> Task item: From the line with "帽子も身頃もレースとフリルで装飾した可愛いベビードレスです。" through the line with "2017年至2018年,DR", repeat the entries verbatim, both end lines included, and add nothing.

> Records shown:

____________________

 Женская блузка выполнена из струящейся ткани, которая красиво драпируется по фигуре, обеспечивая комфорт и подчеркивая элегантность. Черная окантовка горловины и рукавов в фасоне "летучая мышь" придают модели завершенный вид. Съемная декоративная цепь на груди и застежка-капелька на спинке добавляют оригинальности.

____________________

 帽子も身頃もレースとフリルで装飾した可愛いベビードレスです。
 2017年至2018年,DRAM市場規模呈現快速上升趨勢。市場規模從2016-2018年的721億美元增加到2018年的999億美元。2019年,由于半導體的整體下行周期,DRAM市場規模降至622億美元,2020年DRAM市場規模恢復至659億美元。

____________________

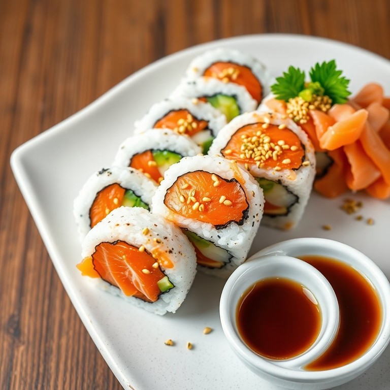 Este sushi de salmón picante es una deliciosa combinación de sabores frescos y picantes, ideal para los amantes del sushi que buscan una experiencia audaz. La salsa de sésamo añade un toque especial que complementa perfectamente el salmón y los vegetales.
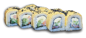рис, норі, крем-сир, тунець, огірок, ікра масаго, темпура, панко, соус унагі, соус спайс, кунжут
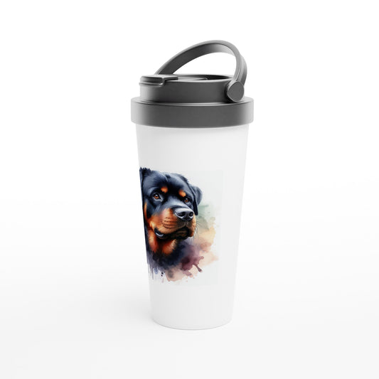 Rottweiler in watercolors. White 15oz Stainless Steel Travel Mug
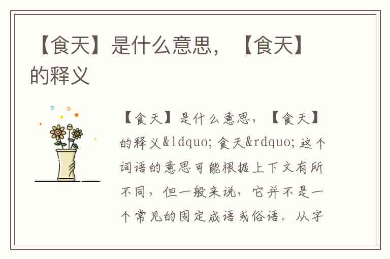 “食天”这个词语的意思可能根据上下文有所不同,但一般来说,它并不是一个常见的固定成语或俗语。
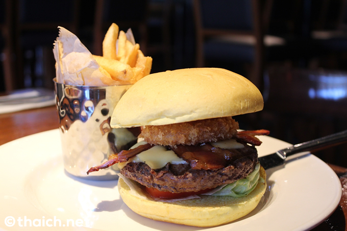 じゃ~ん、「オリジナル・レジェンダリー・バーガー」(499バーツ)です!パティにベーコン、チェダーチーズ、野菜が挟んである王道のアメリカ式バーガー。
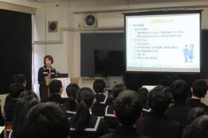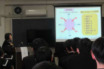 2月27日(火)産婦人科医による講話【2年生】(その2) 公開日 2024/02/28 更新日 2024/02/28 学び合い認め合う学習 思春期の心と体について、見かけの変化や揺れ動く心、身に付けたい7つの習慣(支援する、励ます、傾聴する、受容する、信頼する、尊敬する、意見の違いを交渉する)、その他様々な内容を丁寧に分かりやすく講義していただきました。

____________________

> The completed task:
 帽子も身頃もレースとフリルで装飾した可愛いベビードレスです。
 2017年至2018年,DRAM市場規模呈現快速上升趨勢。市場規模從2016-2018年的721億美元增加到2018年的999億美元。2019年,由于半導體的整體下行周期,DRAM市場規模降至622億美元,2020年DRAM市場規模恢復至659億美元。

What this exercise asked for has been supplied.